• WHAT THE TASK REQUIRES:
The printed result should hold only the lines from the opening of the data through the line bearing "2、敲入diskpart回车", exactly as given and without pictures.

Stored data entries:
◇ ◇ ◇ ◇

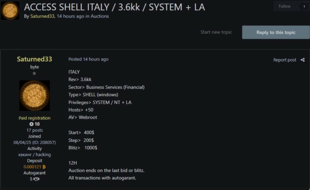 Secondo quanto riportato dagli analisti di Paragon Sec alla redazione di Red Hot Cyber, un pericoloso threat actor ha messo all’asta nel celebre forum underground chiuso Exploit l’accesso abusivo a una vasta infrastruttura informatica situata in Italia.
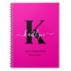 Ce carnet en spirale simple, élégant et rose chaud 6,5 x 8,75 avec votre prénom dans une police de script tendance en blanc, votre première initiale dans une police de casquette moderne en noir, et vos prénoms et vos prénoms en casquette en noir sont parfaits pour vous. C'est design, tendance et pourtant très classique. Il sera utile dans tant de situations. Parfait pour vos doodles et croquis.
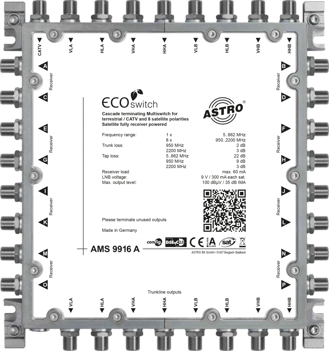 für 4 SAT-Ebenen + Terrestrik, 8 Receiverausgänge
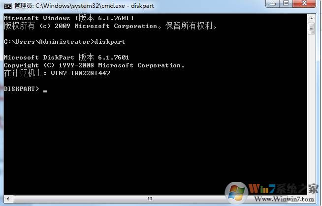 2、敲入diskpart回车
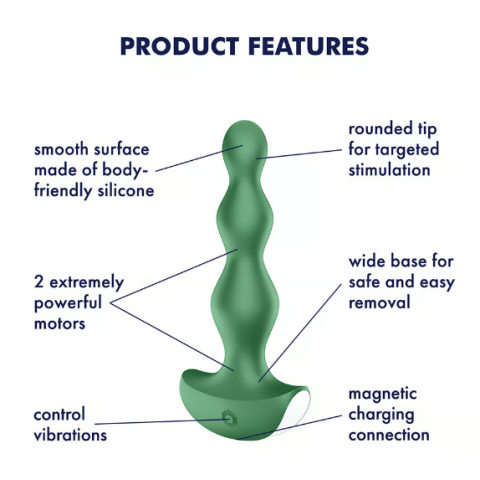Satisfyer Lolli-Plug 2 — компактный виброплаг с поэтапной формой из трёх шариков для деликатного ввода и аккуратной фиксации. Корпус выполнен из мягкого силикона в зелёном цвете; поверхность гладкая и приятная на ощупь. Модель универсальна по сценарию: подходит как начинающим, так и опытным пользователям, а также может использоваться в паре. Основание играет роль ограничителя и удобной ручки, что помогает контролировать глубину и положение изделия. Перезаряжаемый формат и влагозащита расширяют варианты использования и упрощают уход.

◇ ◇ ◇ ◇

• ANSWER TO THIS TASK:
 Secondo quanto riportato dagli analisti di Paragon Sec alla redazione di Red Hot Cyber, un pericoloso threat actor ha messo all’asta nel celebre forum underground chiuso Exploit l’accesso abusivo a una vasta infrastruttura informatica situata in Italia.
 Ce carnet en spirale simple, élégant et rose chaud 6,5 x 8,75 avec votre prénom dans une police de script tendance en blanc, votre première initiale dans une police de casquette moderne en noir, et vos prénoms et vos prénoms en casquette en noir sont parfaits pour vous. C'est design, tendance et pourtant très classique. Il sera utile dans tant de situations. Parfait pour vos doodles et croquis.
 für 4 SAT-Ebenen + Terrestrik, 8 Receiverausgänge
 2、敲入diskpart回车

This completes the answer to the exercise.